Publié à 15h49, le 12 novembre 2014 , Modifié à 16h02, le 12 novembre 2014

Affaire Fillon-Jouyet : Aurélie Filippetti fustige "l'inconséquence" et la "maladresse" du secrétaire général de l'Élysée
© Images France 3 - Montage Le Lab

"LA POLITIQUE, C'EST UN MÉTIER" - Aurélie Filippetti est "atterrée" par la polémique autour du déjeuner entre Jean-Pierre Jouyet et François Fillon.

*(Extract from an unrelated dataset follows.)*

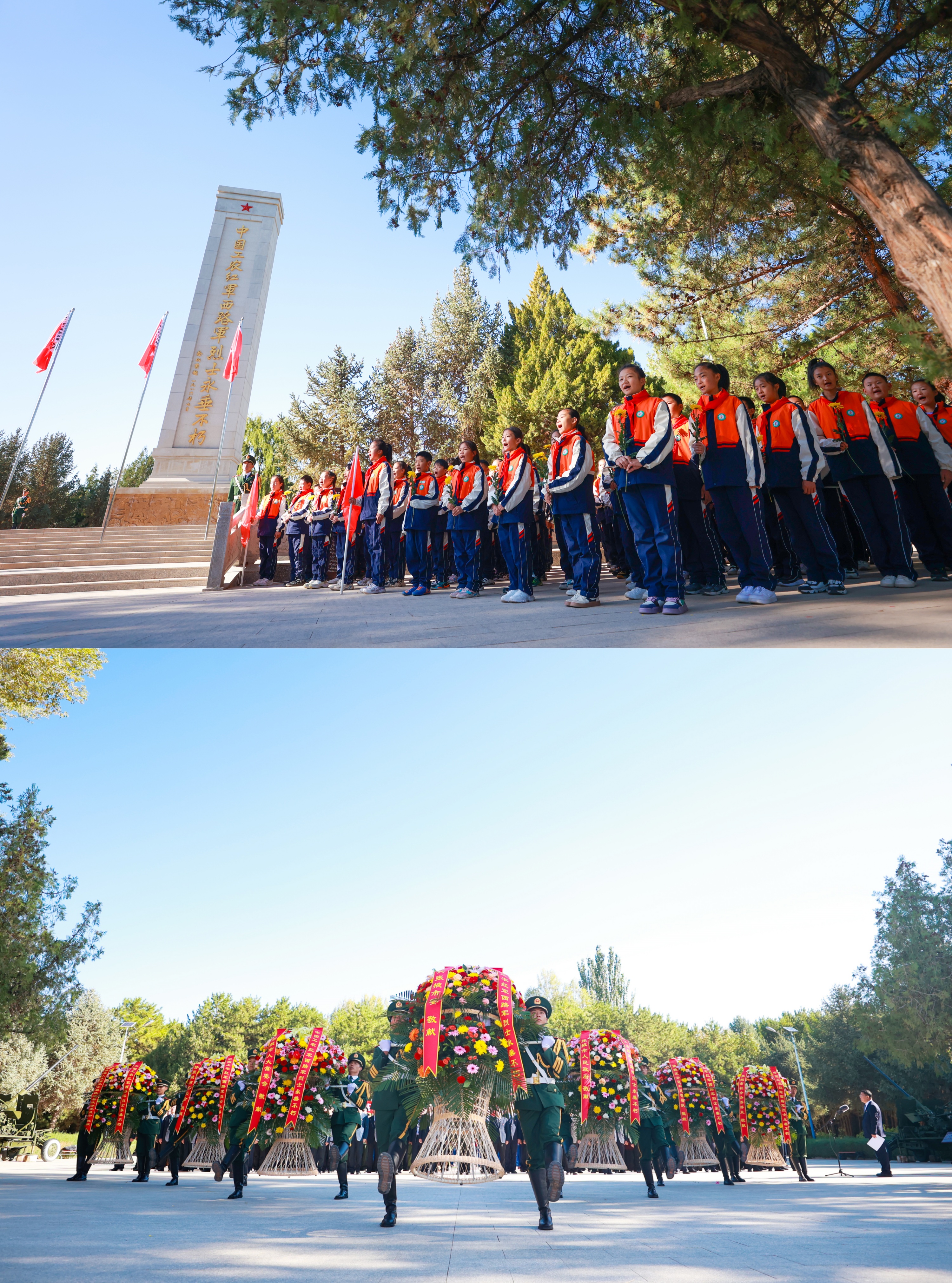 《獻(xiàn)花曲》緩緩奏響,14名武警戰(zhàn)士抬起花籃,緩緩走向紀(jì)念碑,將中共張掖市委、張掖市人大常委會(huì)、張掖市人民政府、政協(xié)張掖市委員會(huì)、張掖軍分區(qū)和武警部隊(duì)、臨澤縣委縣人大常委會(huì)縣政府縣政協(xié)、張掖市社會(huì)各界群眾敬獻(xiàn)的7個(gè)花籃擺放在紀(jì)念碑基座上。
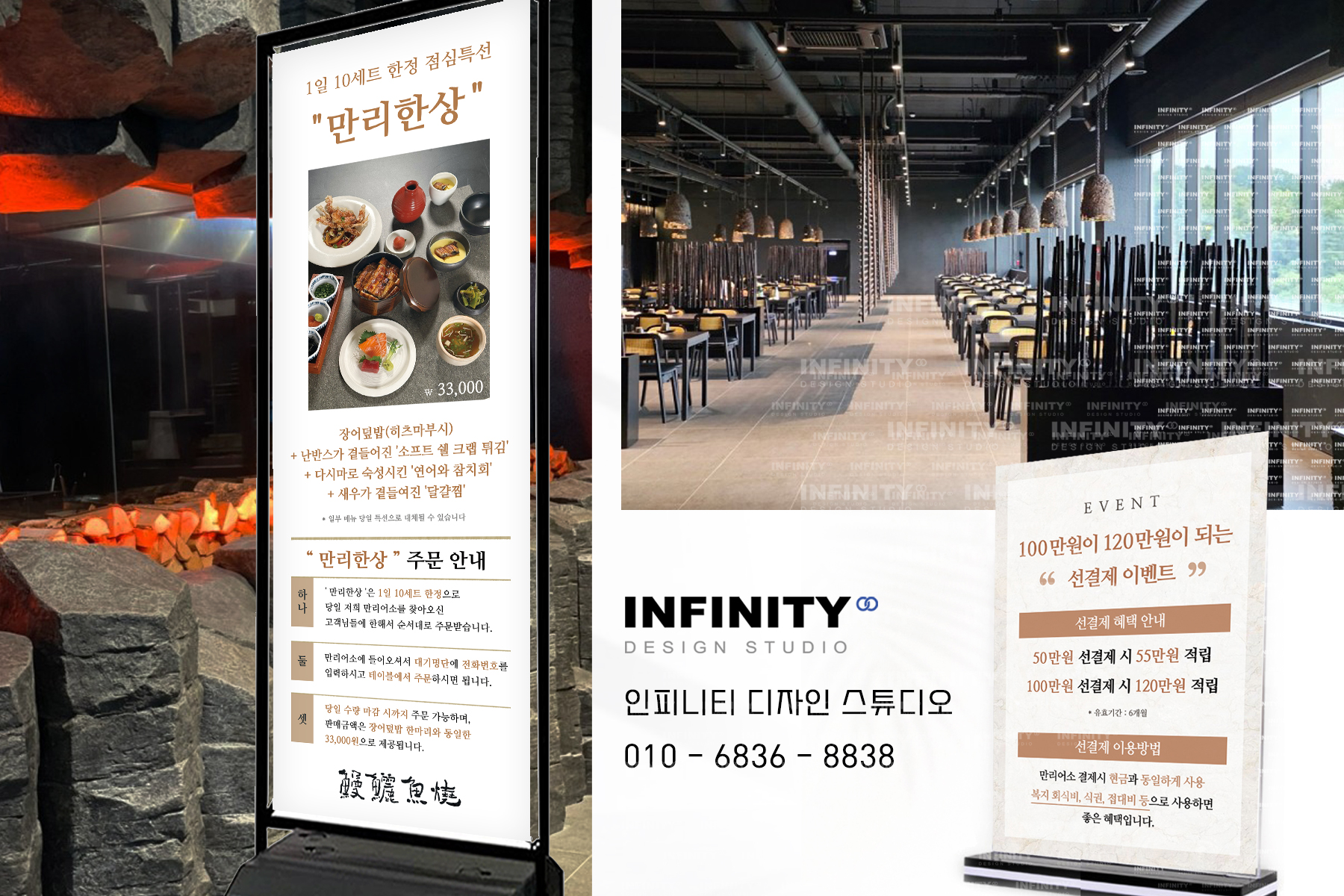 안녕하세요, 디자인, 제작 전문인피니티 디자인 스튜디오 입니다.오늘은 음식점 배너 제작 + 이벤트 홍보디자인, 인쇄, 제작 소식 포스팅 드립니다 :) 파주에 위치한 고급 레스토랑에 어울리는

D'abord parce qu'"au départ, cette affaire aurait dû mettre en difficulté Nicolas Sarkozy", estime-t-elle. Mais surtout parce que si elle s'est finalement retournée contre l'exécutif, c'est selon l'ancienne ministre par la faute du secrétaire général de l'Élysée, qu'elle taxe d'amateurisme.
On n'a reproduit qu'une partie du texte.